[PATCH nf 0/2] netfilter: ctnetlink: fix memory leak in ctnetlink dump

netfilter-devel.vger.kernel.org archive mirror
 help / color / mirror / Atom feed

* [PATCH nf 0/2] netfilter: ctnetlink: fix memory leak in ctnetlink dump
@ 2025-08-01 15:25 Florian Westphal
  2025-08-01 15:25 ` [PATCH nf 1/2] netfilter: ctnetlink: fix refcount leak on table dump Florian Westphal
  2025-08-01 15:25 ` [PATCH nf 2/2] netfilter: ctnetlink: remove refcounting in expectation dumpers Florian Westphal
  0 siblings, 2 replies; 5+ messages in thread
From: Florian Westphal @ 2025-08-01 15:25 UTC (permalink / raw)
  To: netfilter-devel; +Cc: Florian Westphal

This series fixes a memory (refcount) leak in the ctnetlink dump code.
In some cases is possible that the entry being held in cb->args[] (with
refcount raised) fails to be delivered.

If this happens, the reference count is erronously incremented a second
time.

This results in a memory leak and non-recoverable hang in the netns
cleanup worker.

The second patch fixes a similar pattern in the expectation dump code.
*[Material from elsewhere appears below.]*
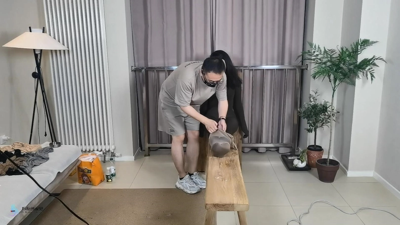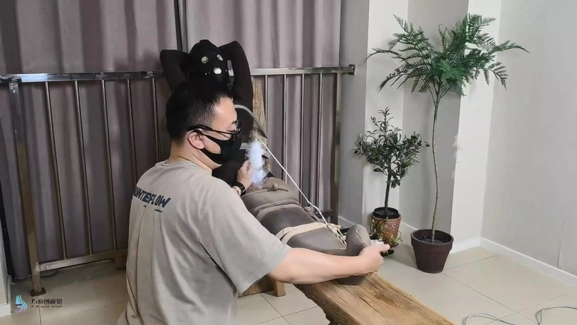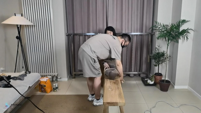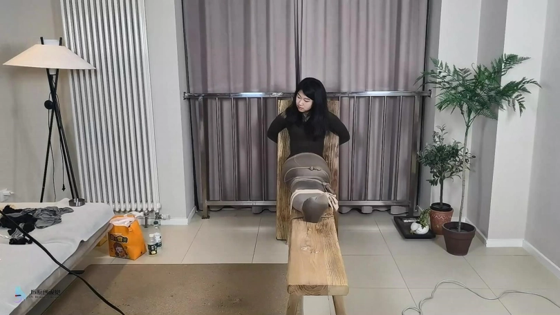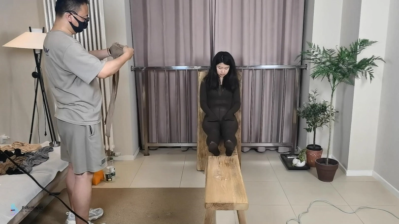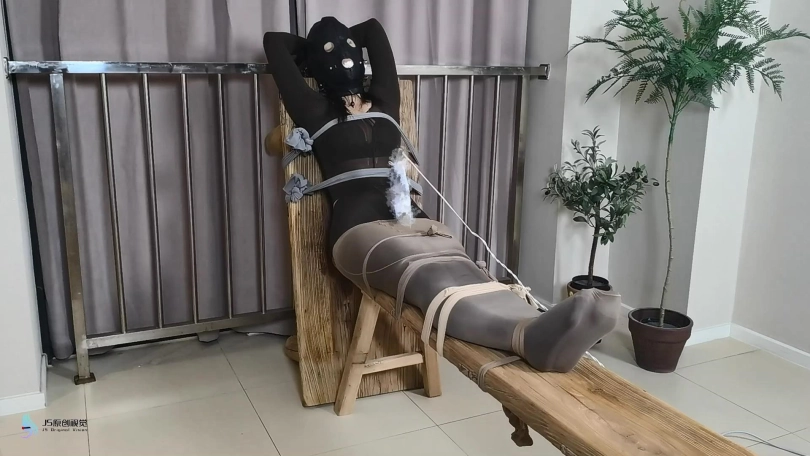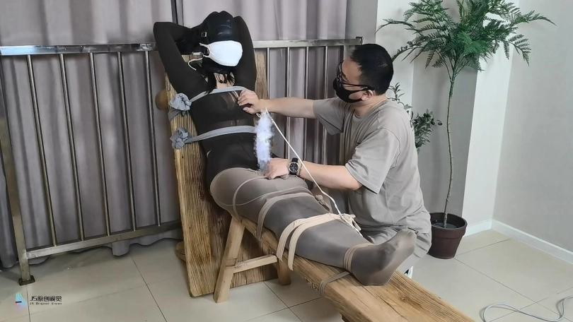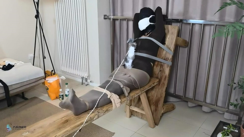 › 【JS】【妙一】尼龙女孩老虎凳束缚丝袜包裹纱布堵嘴头套口罩原味棉袜封鼻棒棒刺激

In both cases the fix is to not use reference counting at all, the restart
hint is replaced by a cookie value, this has the same guarantees as the
existing code without need for keeping objects alive across partial dumps.
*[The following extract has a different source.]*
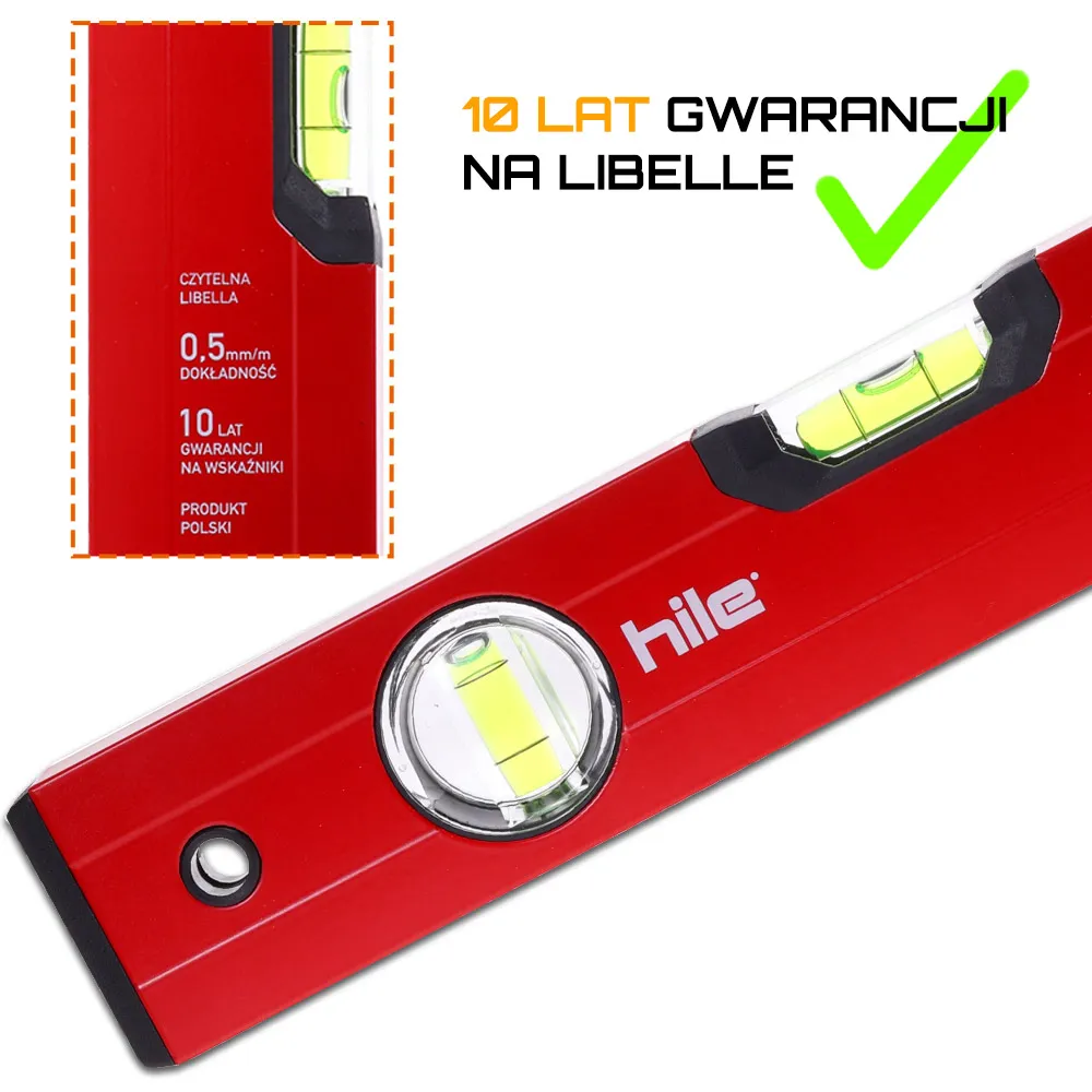 Precyzja pomiaru z PRO HILEGłówną cechą wyróżniającą Poziomice PRO Hile jest ich innowacyjny design, w którym szczególną uwagę zwrócono na kształt libelli. Dzięki obłemu kształtowi libelli, odczyt położenia pęcherzyka jest niezwykle prosty, bez względu na kąt patrzenia. Eliminuje to problem załamania obrazu na krawędzi libelli, co sprawia, że pomiary są szybkie i precyzyjne. Zestaw Poziomic PRO Hile to nie tylko narzędzia, to również gwarancja wydajności i profesjonalizmu w pracy. Dzięki różnym długościom poziomic w zestawie, masz elastyczność w wyborze narzędzia do konkretnego zadania. To zestaw, który sprawdzi się zarówno w pracach budowlanych, remontowych, jak i przy projektach DIY. Dzięki niemu Twoje pomiary będą szybkie, precyzyjne i estetyczne, a efekty końcowe - doskonałe. |

Note that the same pattern is used for dying lists, but as far as I can
see this problem can't happen there.  I will submit a patch for nf-next
that also uses refcount-less cookie values in the dying list dumper.

Florian Westphal (2):
  netfilter: ctnetlink: fix refcount leak on table dump
  netfilter: ctnetlink: remove refcounting in expectation dumpers

 net/netfilter/nf_conntrack_netlink.c | 65 +++++++++++++---------------
 1 file changed, 30 insertions(+), 35 deletions(-)

-- 
2.49.1

^ permalink raw reply	[flat|nested] 5+ messages in thread

* [PATCH nf 1/2] netfilter: ctnetlink: fix refcount leak on table dump
  2025-08-01 15:25 [PATCH nf 0/2] netfilter: ctnetlink: fix memory leak in ctnetlink dump Florian Westphal
@ 2025-08-01 15:25 ` Florian Westphal
  2025-08-07 10:57   ` Pablo Neira Ayuso
  2025-08-01 15:25 ` [PATCH nf 2/2] netfilter: ctnetlink: remove refcounting in expectation dumpers Florian Westphal
  1 sibling, 1 reply; 5+ messages in thread
From: Florian Westphal @ 2025-08-01 15:25 UTC (permalink / raw)
  To: netfilter-devel; +Cc: Florian Westphal

There is a reference count leak in ctnetlink_dump_table():
      if (res < 0) {
                nf_conntrack_get(&ct->ct_general); // HERE
                cb->args[1] = (unsigned long)ct;
                ...

While its very unlikely, its possible that ct == last.
If this happens, then the refcount of ct was already incremented.
This 2nd increment is never undone.

This prevents the conntrack object from being released, which in turn
keeps prevents cnet->count from dropping back to 0.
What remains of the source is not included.